Data:
****************************************
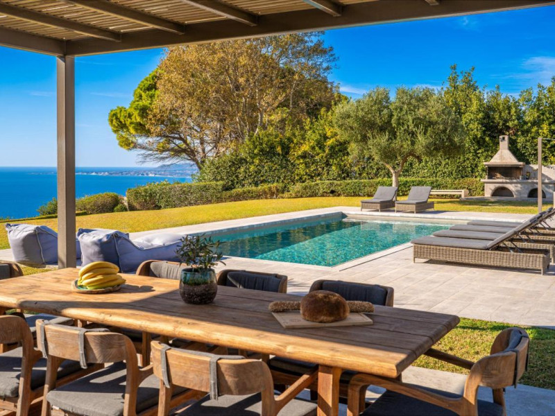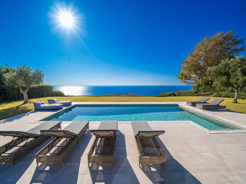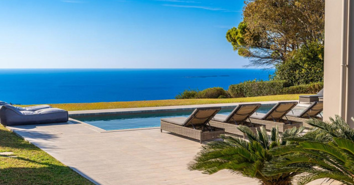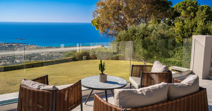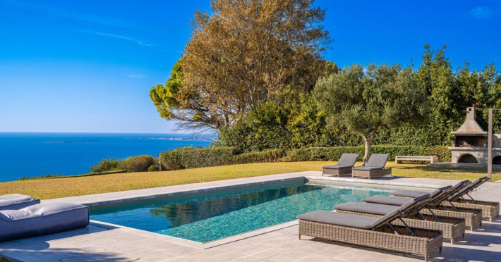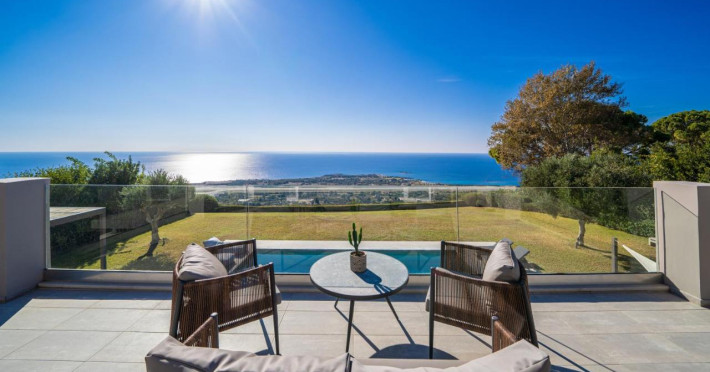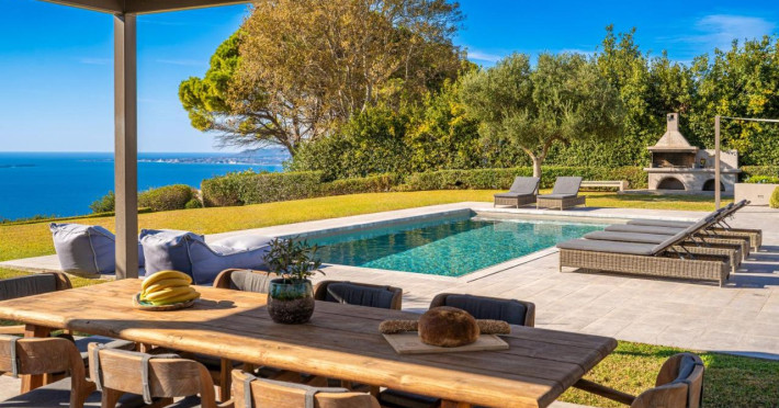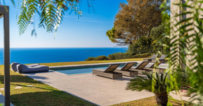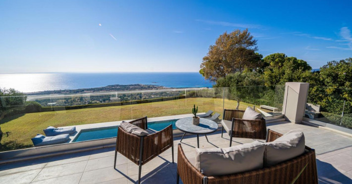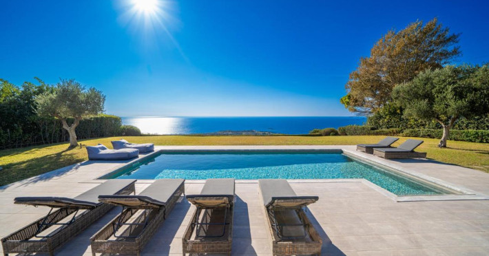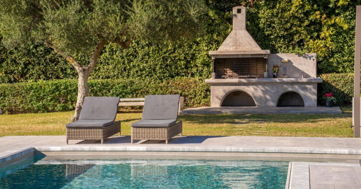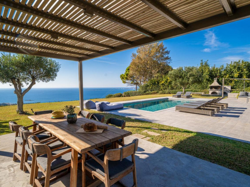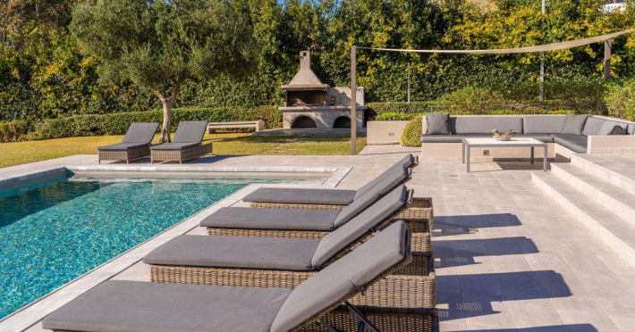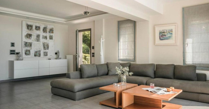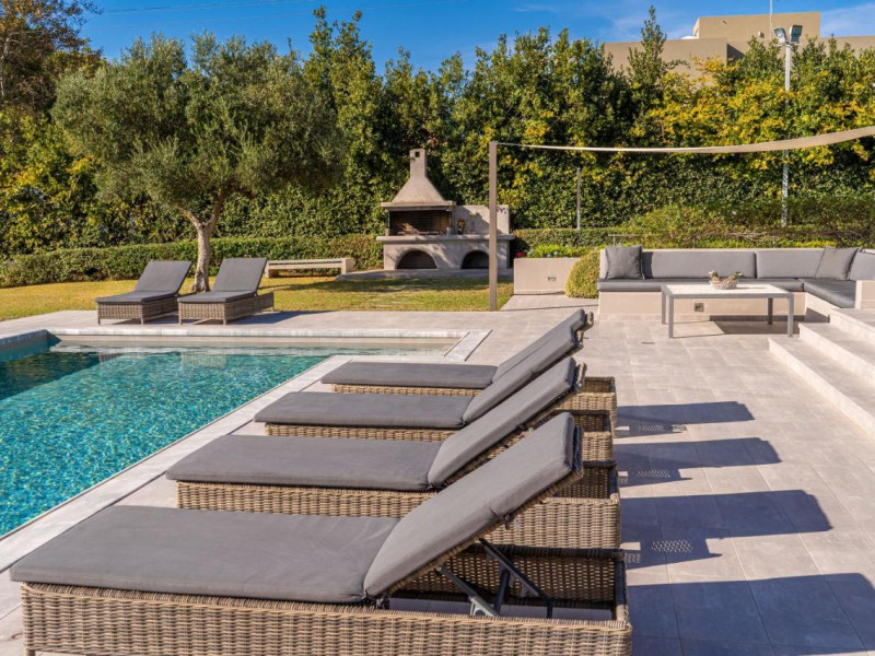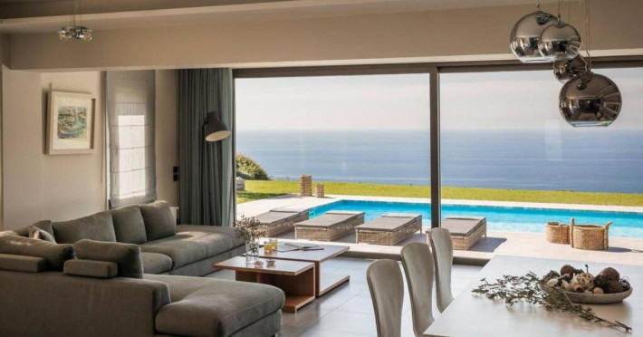 Set in its own large acre plot, Grande Azzurro is modern amp; minimalistic in design and can be honestly described as having the most breathtaking panoramic views of pretty much anywhere on the island and from every single aspect of the property. The extensive private grounds are fully landscaped and beautifully manicured all around, with the feature lawn area housing the patios, pool area, Al Fresco dining pergola, large external kitchen/BBQ area amp; an amazing more casual seating area: simply perfect for those mid-morning coffees and early evening cocktails alike. From every single area of the garden, the clear Blue Azure of the Ionian Sea is sure to dazzle and hypnotize in equal measures, as you sit or lie and just immerse yourself in these mesmerizing views.
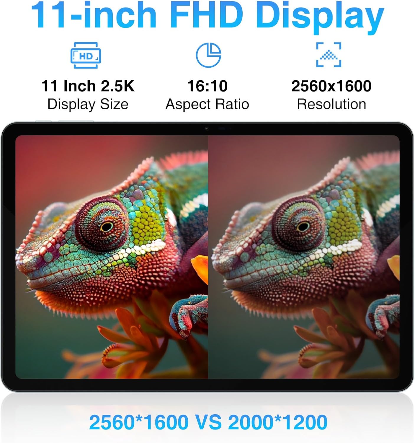 11-inch 2.5K display screen – The 11-inch tablet is equipped with a 2.5K FHD touch screen with an internal battery, which allows for more detailed images and more realistic color reproduction, making movies more exciting to watch. 87.2% Screen Ratio and Wide Color Gamut provide truer visual experience.
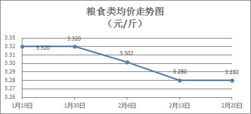 粮食类商品价格平稳。本周所监测的6种粮食商品价格平稳,综合零售均价为3. 280元/斤,环比持平。其中:晚籼米、丝苗米、富强粉零售均价分别为每斤3.26元、3.42元、3.36元,环比均持平。
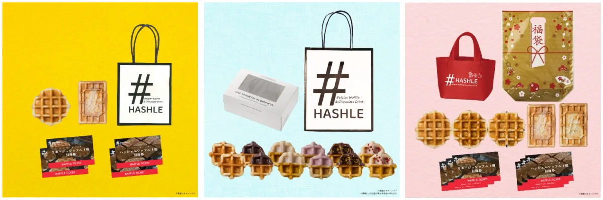 「スマイルセット」と「福わっふる袋」の2種類が登場し、どちらも一味違った内容となっています。ハッシュルのワッフルで、笑顔あふれる有意義な時間を過ごしていただけることを願い、特別に用意されています。
****************************************
Task to complete:
From the first line to the last, write out the data above exactly. Omit the pictures.

Response area:
 Set in its own large acre plot, Grande Azzurro is modern amp; minimalistic in design and can be honestly described as having the most breathtaking panoramic views of pretty much anywhere on the island and from every single aspect of the property. The extensive private grounds are fully landscaped and beautifully manicured all around, with the feature lawn area housing the patios, pool area, Al Fresco dining pergola, large external kitchen/BBQ area amp; an amazing more casual seating area: simply perfect for those mid-morning coffees and early evening cocktails alike. From every single area of the garden, the clear Blue Azure of the Ionian Sea is sure to dazzle and hypnotize in equal measures, as you sit or lie and just immerse yourself in these mesmerizing views.
 11-inch 2.5K display screen – The 11-inch tablet is equipped with a 2.5K FHD touch screen with an internal battery, which allows for more detailed images and more realistic color reproduction, making movies more exciting to watch. 87.2% Screen Ratio and Wide Color Gamut provide truer visual experience.
 粮食类商品价格平稳。本周所监测的6种粮食商品价格平稳,综合零售均价为3. 280元/斤,环比持平。其中:晚籼米、丝苗米、富强粉零售均价分别为每斤3.26元、3.42元、3.36元,环比均持平。
 「スマイルセット」と「福わっふる袋」の2種類が登場し、どちらも一味違った内容となっています。ハッシュルのワッフルで、笑顔あふれる有意義な時間を過ごしていただけることを願い、特別に用意されています。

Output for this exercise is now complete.